╭─ MATERIAL FOR THE TASK

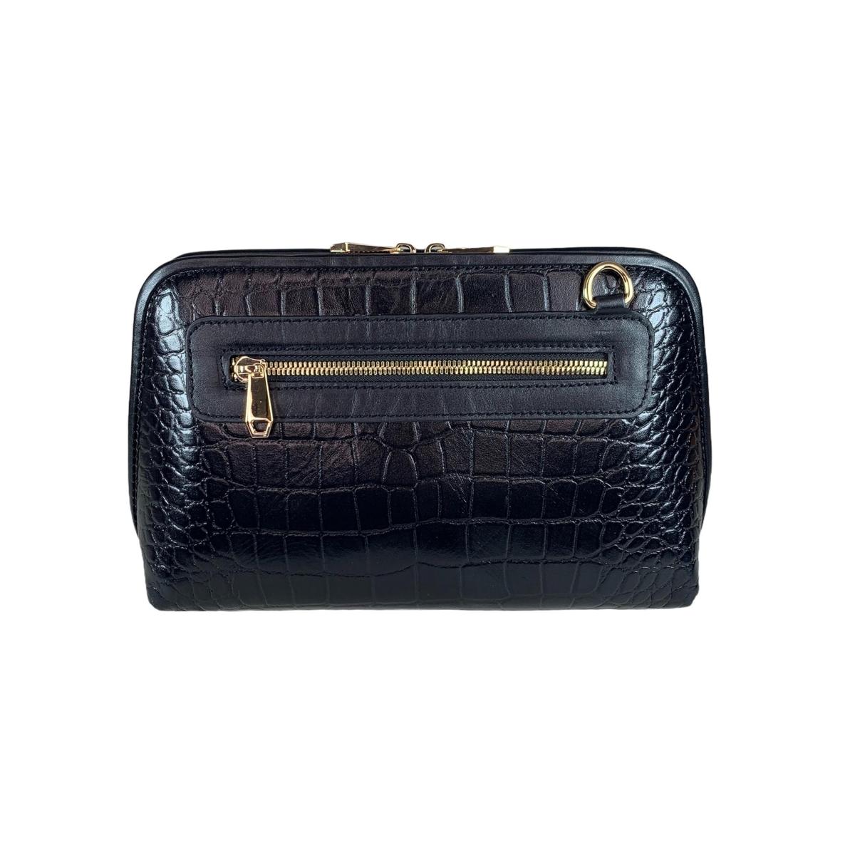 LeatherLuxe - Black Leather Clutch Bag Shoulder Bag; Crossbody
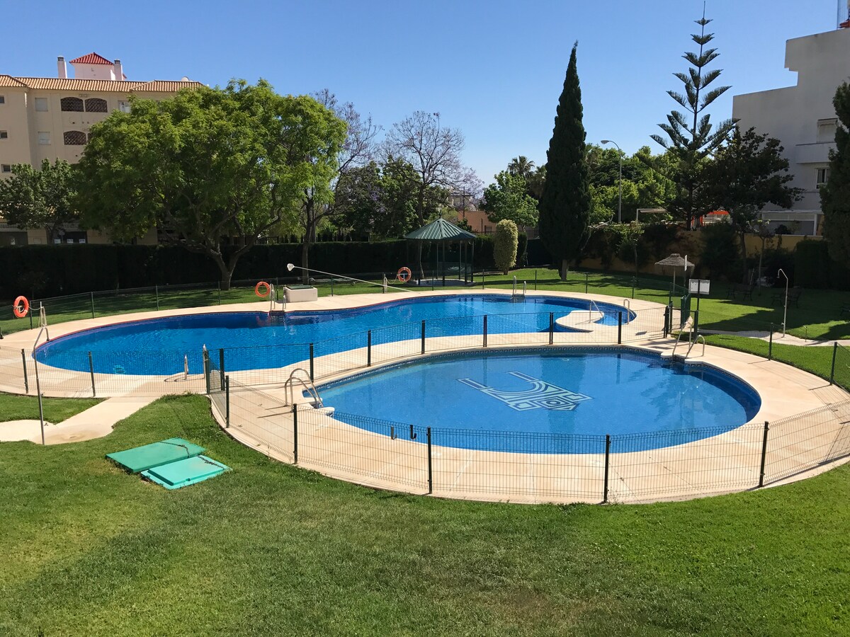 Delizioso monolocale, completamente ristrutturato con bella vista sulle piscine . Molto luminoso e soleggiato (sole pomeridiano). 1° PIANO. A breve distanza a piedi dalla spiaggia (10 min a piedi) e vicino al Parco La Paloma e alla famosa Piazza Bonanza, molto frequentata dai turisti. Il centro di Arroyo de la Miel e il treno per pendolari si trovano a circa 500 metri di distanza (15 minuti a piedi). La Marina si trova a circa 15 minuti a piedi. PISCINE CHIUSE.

╰─
╭─ MATERIAL FOR THE TASK

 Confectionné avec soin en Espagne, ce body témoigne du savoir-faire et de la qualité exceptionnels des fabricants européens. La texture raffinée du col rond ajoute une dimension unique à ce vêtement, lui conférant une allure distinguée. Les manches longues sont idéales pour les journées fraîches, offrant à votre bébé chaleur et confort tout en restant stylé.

╰─
╭─ MATERIAL FOR THE TASK

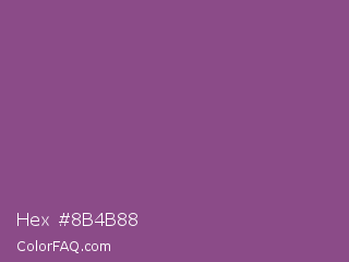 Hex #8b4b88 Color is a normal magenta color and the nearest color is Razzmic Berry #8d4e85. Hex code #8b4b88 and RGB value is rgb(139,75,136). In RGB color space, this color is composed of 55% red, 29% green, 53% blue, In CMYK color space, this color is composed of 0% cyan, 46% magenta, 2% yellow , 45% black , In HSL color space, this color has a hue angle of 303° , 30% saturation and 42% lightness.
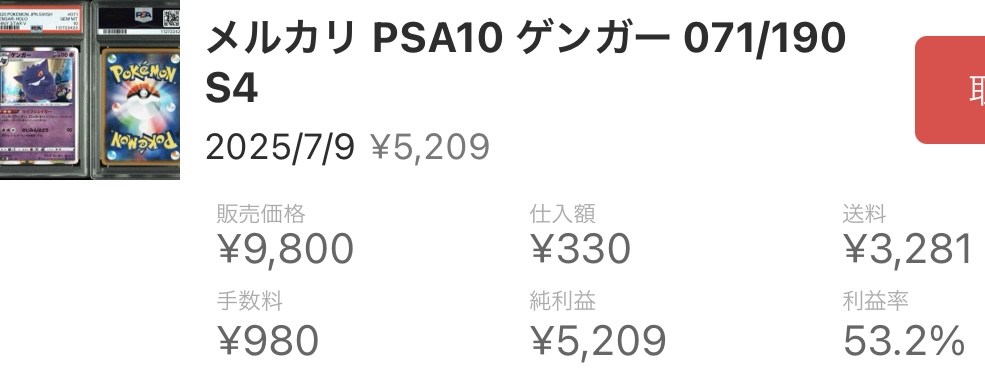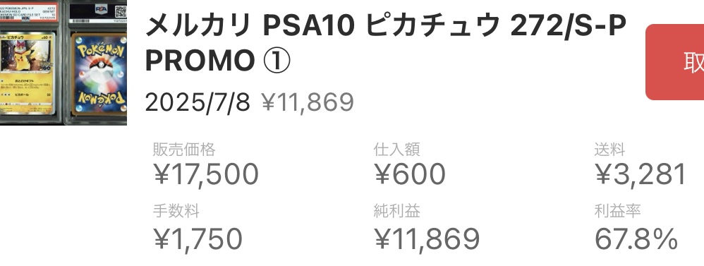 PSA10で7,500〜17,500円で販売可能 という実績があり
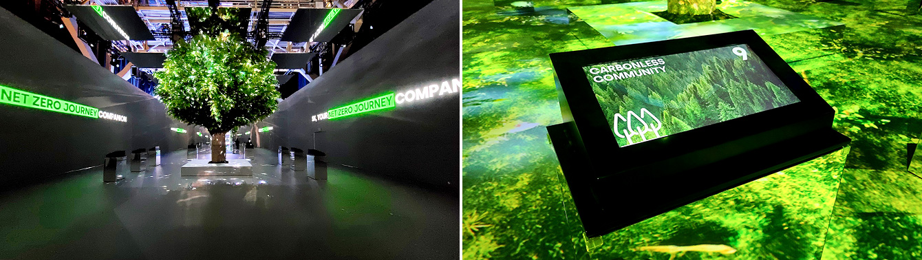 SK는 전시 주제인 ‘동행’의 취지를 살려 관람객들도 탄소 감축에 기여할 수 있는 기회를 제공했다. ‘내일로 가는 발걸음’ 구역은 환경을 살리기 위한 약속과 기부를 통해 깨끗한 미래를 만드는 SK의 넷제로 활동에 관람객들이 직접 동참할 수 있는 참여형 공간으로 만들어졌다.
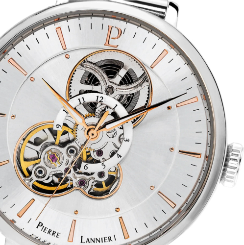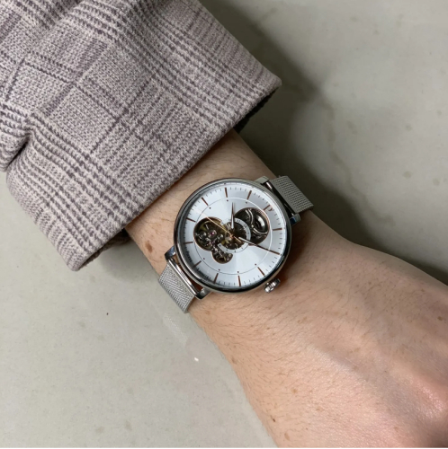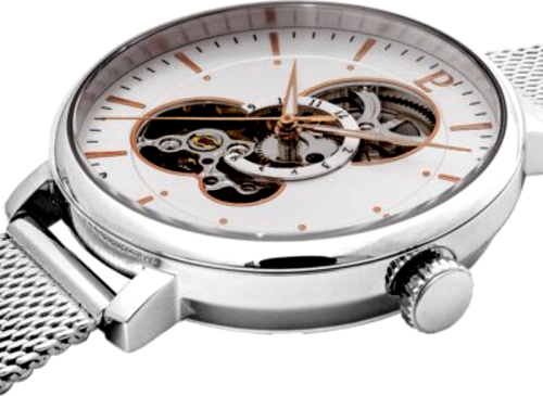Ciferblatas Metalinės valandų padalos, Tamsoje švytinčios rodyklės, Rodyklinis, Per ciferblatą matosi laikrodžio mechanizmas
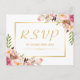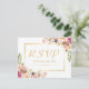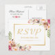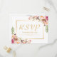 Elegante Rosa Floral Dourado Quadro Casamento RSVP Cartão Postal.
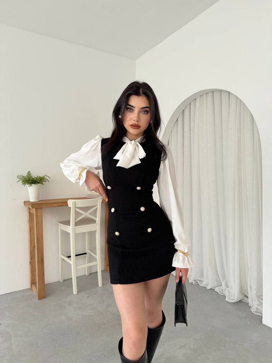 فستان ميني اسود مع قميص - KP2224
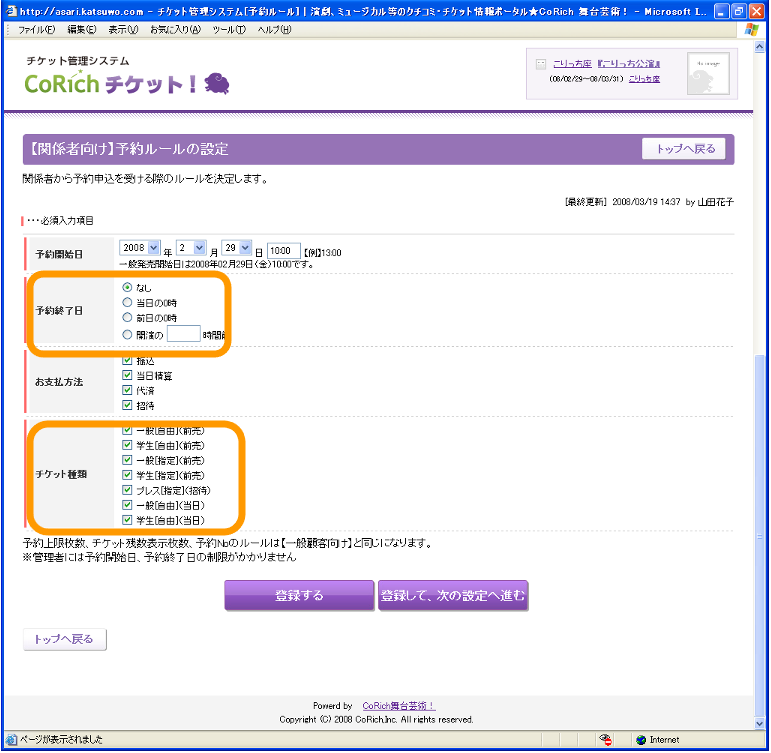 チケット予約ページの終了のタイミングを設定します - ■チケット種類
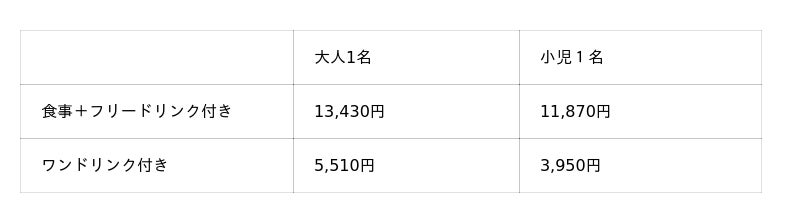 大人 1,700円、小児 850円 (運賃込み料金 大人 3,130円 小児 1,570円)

╰─

__ABOUT THIS TASK__
Set down again, exactly, every line above from the one with "LeatherLuxe - Black" down to the one with "Delizioso monolocale, completamente", both ends included. No pictures, and nothing else.

__SOLUTION TO THIS EXERCISE__
 LeatherLuxe - Black Leather Clutch Bag Shoulder Bag; Crossbody
 Delizioso monolocale, completamente ristrutturato con bella vista sulle piscine . Molto luminoso e soleggiato (sole pomeridiano). 1° PIANO. A breve distanza a piedi dalla spiaggia (10 min a piedi) e vicino al Parco La Paloma e alla famosa Piazza Bonanza, molto frequentata dai turisti. Il centro di Arroyo de la Miel e il treno per pendolari si trovano a circa 500 metri di distanza (15 minuti a piedi). La Marina si trova a circa 15 minuti a piedi. PISCINE CHIUSE.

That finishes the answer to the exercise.